• **Collected material**
-----

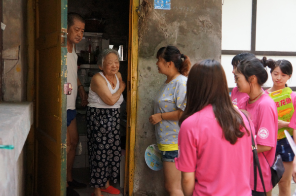 最后,设计艺术学院志愿队走进金碧社区居民家中,为老人们送温暖。志愿者们探访了五户老人,他们热情地同志愿者交流年轻时候的故事和做人的道理,让志愿者受益颇深。
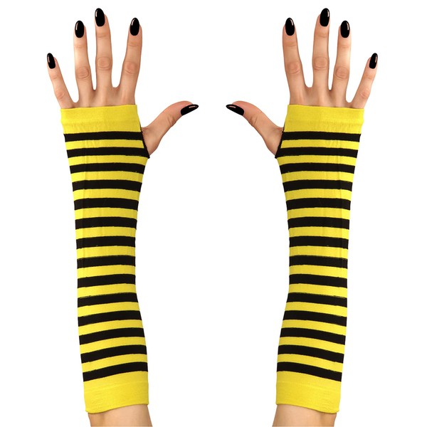 • The gloves are yellow and black striped. They reach almost to the elbows
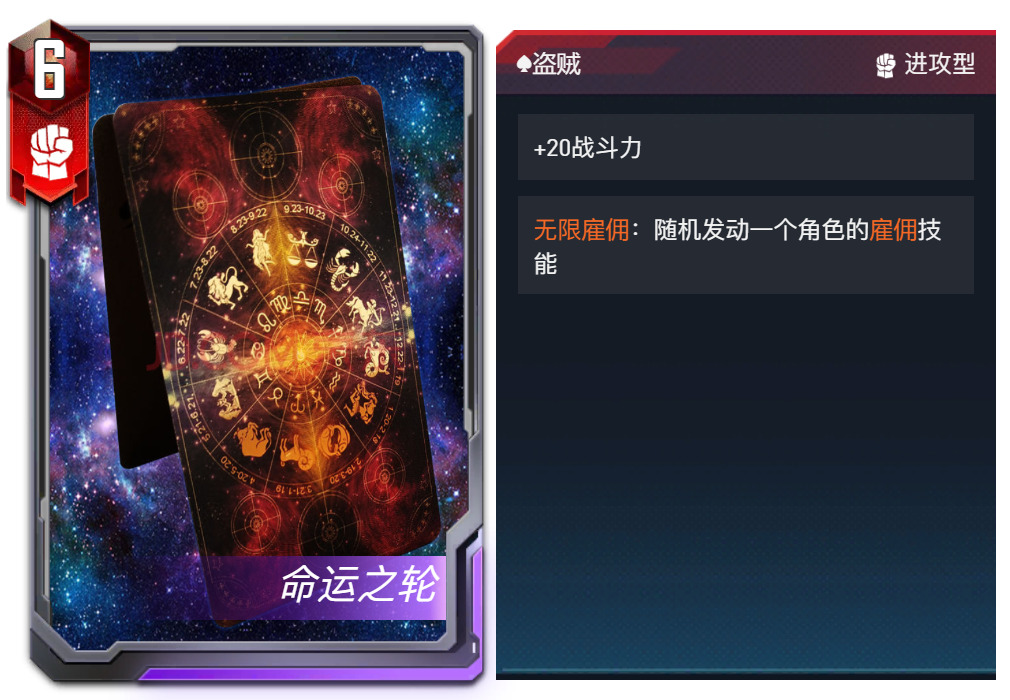 无限雇佣的意思就是没有每回合限一次的限制,因此你可以通过命运之轮来无限雇佣场上的角色,只要你宝石够多,你可以拿到很多牌皇的卡牌,拿到很多装备,或者获得很多战斗力

-----

Beginning with the line that contains "to the elbows" in the data above, please copy each line exactly until the last line, both ends included, skipping any pictures.

• **Your response**
 • The gloves are yellow and black striped. They reach almost to the elbows
 无限雇佣的意思就是没有每回合限一次的限制,因此你可以通过命运之轮来无限雇佣场上的角色,只要你宝石够多,你可以拿到很多牌皇的卡牌,拿到很多装备,或者获得很多战斗力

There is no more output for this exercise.